None of these regimes will solve the core issues. They won’t stop the decimation of farmland and livelihoods from climate change, they won’t provide vast new store of foodstuffs to too many starving people, they cannot create solid economic growth or stem the tide of economic hardship and they cannot effectively reallocate dwindling natural resources to Malthusian swelling populations. What they can do is kill people, and perhaps in a vicious cycle of natural selection – aided by outbreaks of uncontained disease – will eliminate the “too many mouths to feed” in the cruelest way.

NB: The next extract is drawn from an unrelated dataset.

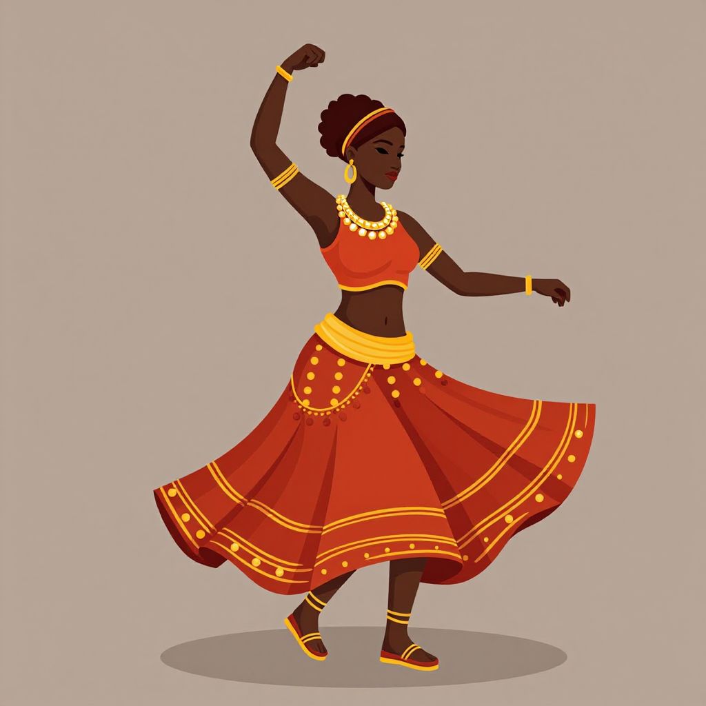 Digital illustration of a dark-skinned African woman dancing in a red traditional outfit with yellow accents, adorned with jewelry, against a beige background.

At a time where understanding and dialog are most necessary, we are instead drawing those immutable lines in the sand, and the rise of a need to retaliate with force is overwhelming. Of course brutal attacks on innocents living their lives in complete accordance with their own culture cannot never be accepted, explained or simply exonerated. What we can do, however, is measure our own reactions, step away from embracing simple solutions and stereotypes that in the long term provoke more of what we hate the most. As fear and loathing lurch this entire planet to the right, it just may be a time for us to mix protecting ourselves with a deeper understanding of what is really happening.
I’m Peter Dekom, and I just wonder how many are really listening or trying to understand or have simply made their minds up, no matter what.